[SPARK-48854][DOCS] Add missing options in CSV documentation

yaooqinn · jingz-db · commit f3804c035c96 · 2024-07-22T10:06:24.000-07:00
### What changes were proposed in this pull request? This PR added documents for missing CSV options, including `delimiter` as an alternative to `sep`, `charset` as an alternative to `encoding`, `codec` as an alternative to `compression`, and `timeZone`, excluding `columnPruning` which falls back to an internal SQL config. ### Why are the changes needed? improvement for user guide ### Does this PR introduce _any_ user-facing change? no ### How was this patch tested? doc build ![image](https://github.com/apache/spark/assets/8326978/d8ff888b-cafa-44e6-ab74-7bf69702a267) ### Was this patch authored or co-authored using generative AI tooling? no Closes apache#47278 from yaooqinn/SPARK-48854. Authored-by: Kent Yao <yao@apache.org> Signed-off-by: Kent Yao <yao@apache.org>
diff --git a/docs/sql-data-sources-csv.md b/docs/sql-data-sources-csv.md
@@ -55,13 +55,13 @@ Data source options of CSV can be set via:
 <table>
   <thead><tr><th><b>Property Name</b></th><th><b>Default</b></th><th><b>Meaning</b></th><th><b>Scope</b></th></tr></thead>
   <tr>
-    <td><code>sep</code></td>
+    <td><code>sep</code><br><code>delimiter</code></td>
     <td>,</td>
     <td>Sets a separator for each field and value. This separator can be one or more characters.</td>
     <td>read/write</td>
   </tr>
   <tr>
-    <td><code>encoding</code></td>
+    <td><code>encoding</code><br><code>charset</code></td>
     <td>UTF-8</td>
     <td>For reading, decodes the CSV files by the given encoding type. For writing, specifies encoding (charset) of saved CSV files. CSV built-in functions ignore this option.</td>
     <td>read/write</td>
@@ -261,10 +261,22 @@ Data source options of CSV can be set via:
     <td>read</td>
   </tr>
   <tr>
-    <td><code>compression</code></td>
+    <td><code>compression</code><br><code>codec</code></td>
     <td>(none)</td>
     <td>Compression codec to use when saving to file. This can be one of the known case-insensitive shorten names (<code>none</code>, <code>bzip2</code>, <code>gzip</code>, <code>lz4</code>, <code>snappy</code> and <code>deflate</code>). CSV built-in functions ignore this option.</td>
     <td>write</td>
   </tr>
+  <tr>
+    <td><code>timeZone</code></td>
+    <td>(value of <code>spark.sql.session.timeZone</code> configuration)</td>
+    <td>Sets the string that indicates a time zone ID to be used to format timestamps in the JSON datasources or partition values. The following formats of <code>timeZone</code> are supported:<br>
+    <ul>
+      <li>Region-based zone ID: It should have the form 'area/city', such as 'America/Los_Angeles'.</li>
+      <li>Zone offset: It should be in the format '(+|-)HH:mm', for example '-08:00' or '+01:00'. Also 'UTC' and 'Z' are supported as aliases of '+00:00'.</li>
+    </ul>
+    Other short names like 'CST' are not recommended to use because they can be ambiguous.
+    </td>
+    <td>read/write</td>
+  </tr>
 </table>
 Other generic options can be found in <a href="https://spark.apache.org/docs/latest/sql-data-sources-generic-options.html">Generic File Source Options</a>.

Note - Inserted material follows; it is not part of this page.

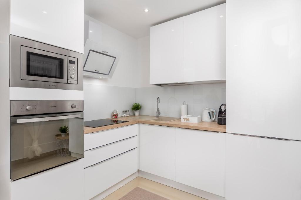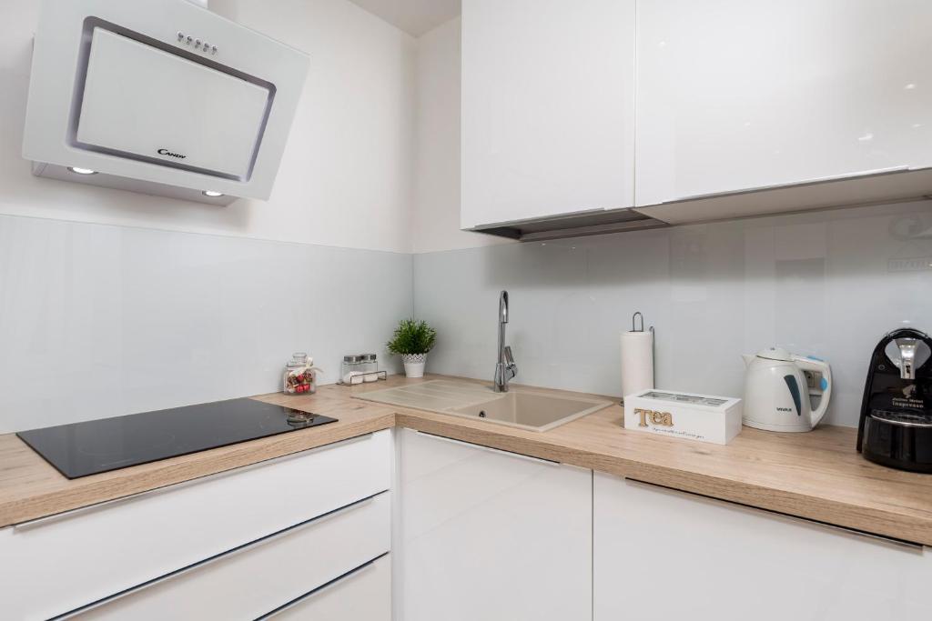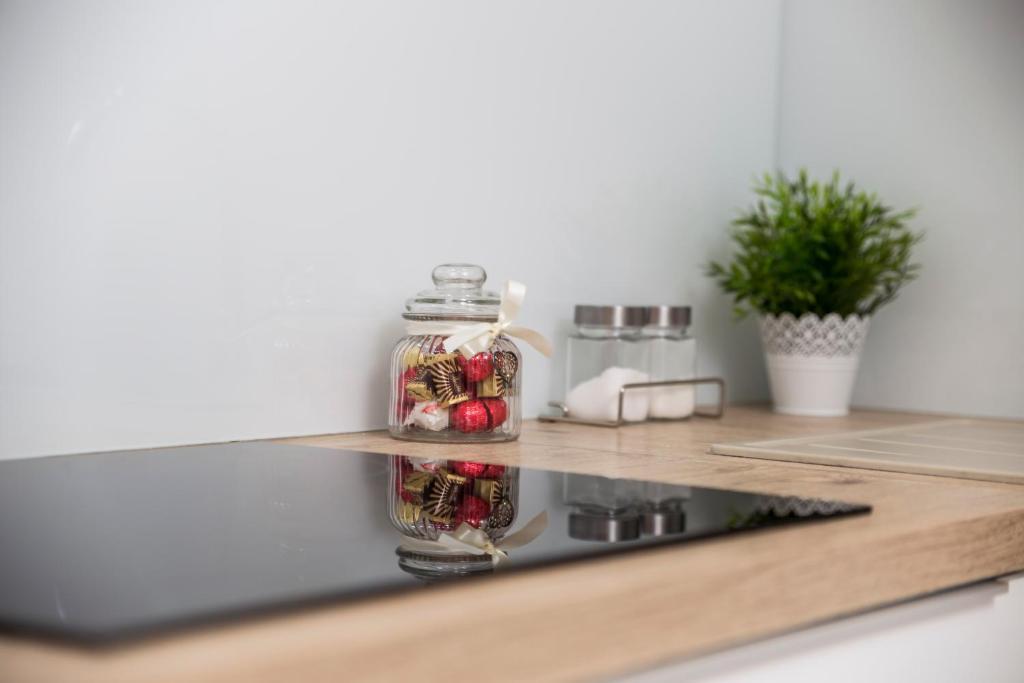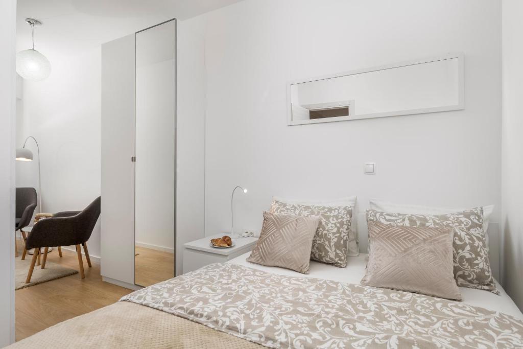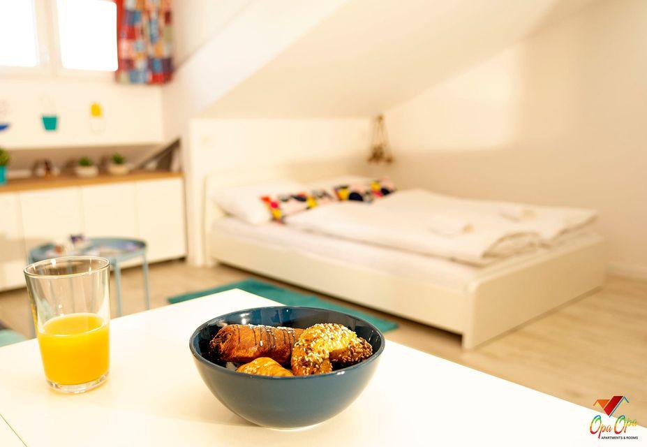 In addition to all modern appliances, the apartment rental price includes a TV and free broadband internet. Next to the building itself and in the immediate vicinity, there are also street parking lots and a large closed city parking lot.

diff --git a/docs/sql-data-sources-json.md b/docs/sql-data-sources-json.md
@@ -112,7 +112,6 @@ Data source options of JSON can be set via:
 <table>
   <thead><tr><th><b>Property Name</b></th><th><b>Default</b></th><th><b>Meaning</b></th><th><b>Scope</b></th></tr></thead>
   <tr>
-    <!-- TODO(SPARK-35433): Add timeZone to Data Source Option for CSV, too. -->
     <td><code>timeZone</code></td>
     <td>(value of <code>spark.sql.session.timeZone</code> configuration)</td>
     <td>Sets the string that indicates a time zone ID to be used to format timestamps in the JSON datasources or partition values. The following formats of <code>timeZone</code> are supported:<br>